Data supplied:
--- START ---
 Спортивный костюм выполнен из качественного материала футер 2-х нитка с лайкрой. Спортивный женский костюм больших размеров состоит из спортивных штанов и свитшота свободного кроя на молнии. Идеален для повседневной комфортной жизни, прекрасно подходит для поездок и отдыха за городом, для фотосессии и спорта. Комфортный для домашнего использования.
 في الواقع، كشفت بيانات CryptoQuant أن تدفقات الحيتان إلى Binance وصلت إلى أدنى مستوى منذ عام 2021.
--- END ---
--- START ---
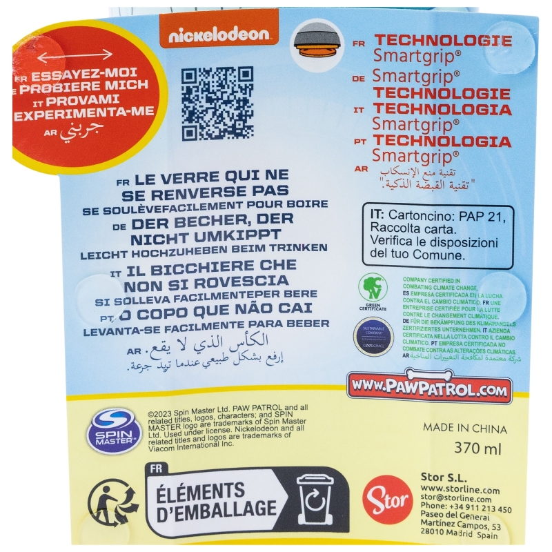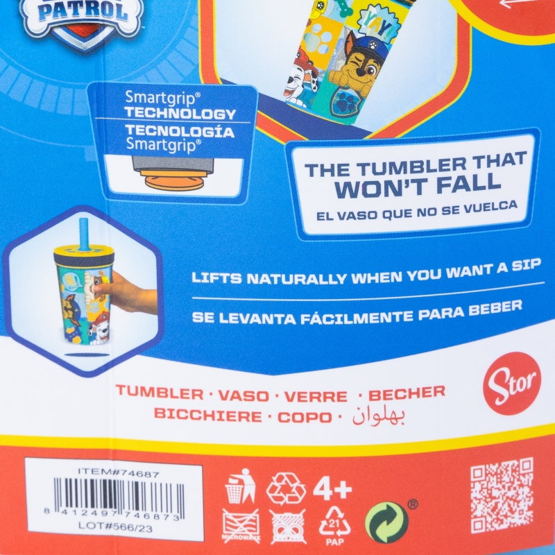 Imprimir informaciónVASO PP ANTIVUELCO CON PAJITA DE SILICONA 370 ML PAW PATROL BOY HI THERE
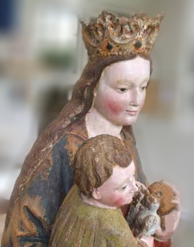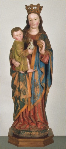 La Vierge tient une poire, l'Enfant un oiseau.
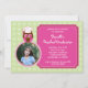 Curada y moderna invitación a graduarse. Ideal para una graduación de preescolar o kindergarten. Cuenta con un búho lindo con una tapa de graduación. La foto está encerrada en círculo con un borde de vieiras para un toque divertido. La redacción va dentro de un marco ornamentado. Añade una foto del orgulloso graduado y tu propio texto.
--- END ---
Description of the task:
Using only the entries above, output the line with "Спортивный костюм выполнен", the line with "في الواقع، كشفت", and all lines between them, exactly as they stand.

Output for this exercise:
 Спортивный костюм выполнен из качественного материала футер 2-х нитка с лайкрой. Спортивный женский костюм больших размеров состоит из спортивных штанов и свитшота свободного кроя на молнии. Идеален для повседневной комфортной жизни, прекрасно подходит для поездок и отдыха за городом, для фотосессии и спорта. Комфортный для домашнего использования.
 في الواقع، كشفت بيانات CryptoQuant أن تدفقات الحيتان إلى Binance وصلت إلى أدنى مستوى منذ عام 2021.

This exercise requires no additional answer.